### INFORMATION SHOWN
- - -

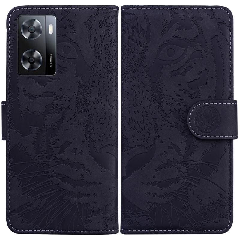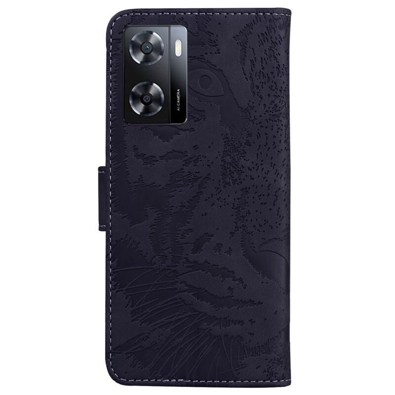 Θήκη τηλεφώνου από δέρμα με οριζόντιο άνοιγμα και ανάγλυφο σχέδιο τίγρης για OPPO A57 2022 4G/A57 2022 5G/Realme Q5i/Realme V23 5G/Realme Narzo 50 5G/A77 5G (Μαύρο)
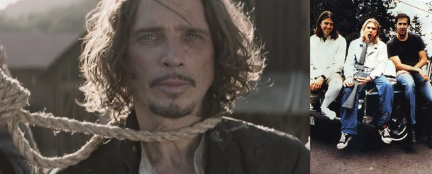 Another couple of fakers are Kurt Cobain and Chris Cornell of the grunge bands Nirvana and Soundgarden. I was a huge fan of both of these frauds too but facts are facts. The facts are that both of them have ’33’ names (KC=11×3; CC=33 – “Kurt Cobain” is also 33 in Chaldean gematria); both were pictured ‘foretelling’ their deaths (Cobain posing with guns in his mouth, Cornell posing with a noose around his neck); both sang about their chosen method of suicide (Lyrics to In Bloom, Come As You Are, I Hate Myself & Want To Die, Milk It, Like Suicide, Blow Up the Outside World, Pretty Noose) and both had the customary fake conspiracy theory to keep the fans interested and buying their merch – can’t have the pension fund drying up (‘Courtney had Kurt murdered‘; ‘Chris Cornell was investigating nonces with Chester Bennington and they were both murdered to cover it up – the fact that the workout band he supposedly hung himself with would not have supported his weight was made known for a reason). There is also the fact that Kurt’s ‘suicide’ scene just does not ring true for someone who has supposedly just blown his brains out – it looks neat, organised, staged…
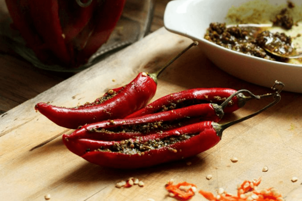 - लाल मिर्च को अच्छे से धोकर साफ करें और धूप में हल्का सुखा लें. फिर बीच में एक कट लगाएं ताकि उसमें मसाला भर सके.
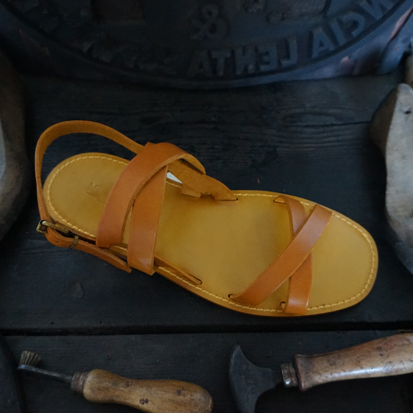 Sandali artigianali su misura in pelle al vegetale.

- - -

### TRY IT
The lines above must be transcribed exactly, with every picture left out.

### SOLUTION TO THE PROBLEM
 Θήκη τηλεφώνου από δέρμα με οριζόντιο άνοιγμα και ανάγλυφο σχέδιο τίγρης για OPPO A57 2022 4G/A57 2022 5G/Realme Q5i/Realme V23 5G/Realme Narzo 50 5G/A77 5G (Μαύρο)
 Another couple of fakers are Kurt Cobain and Chris Cornell of the grunge bands Nirvana and Soundgarden. I was a huge fan of both of these frauds too but facts are facts. The facts are that both of them have ’33’ names (KC=11×3; CC=33 – “Kurt Cobain” is also 33 in Chaldean gematria); both were pictured ‘foretelling’ their deaths (Cobain posing with guns in his mouth, Cornell posing with a noose around his neck); both sang about their chosen method of suicide (Lyrics to In Bloom, Come As You Are, I Hate Myself & Want To Die, Milk It, Like Suicide, Blow Up the Outside World, Pretty Noose) and both had the customary fake conspiracy theory to keep the fans interested and buying their merch – can’t have the pension fund drying up (‘Courtney had Kurt murdered‘; ‘Chris Cornell was investigating nonces with Chester Bennington and they were both murdered to cover it up – the fact that the workout band he supposedly hung himself with would not have supported his weight was made known for a reason). There is also the fact that Kurt’s ‘suicide’ scene just does not ring true for someone who has supposedly just blown his brains out – it looks neat, organised, staged…
 - लाल मिर्च को अच्छे से धोकर साफ करें और धूप में हल्का सुखा लें. फिर बीच में एक कट लगाएं ताकि उसमें मसाला भर सके.
 Sandali artigianali su misura in pelle al vegetale.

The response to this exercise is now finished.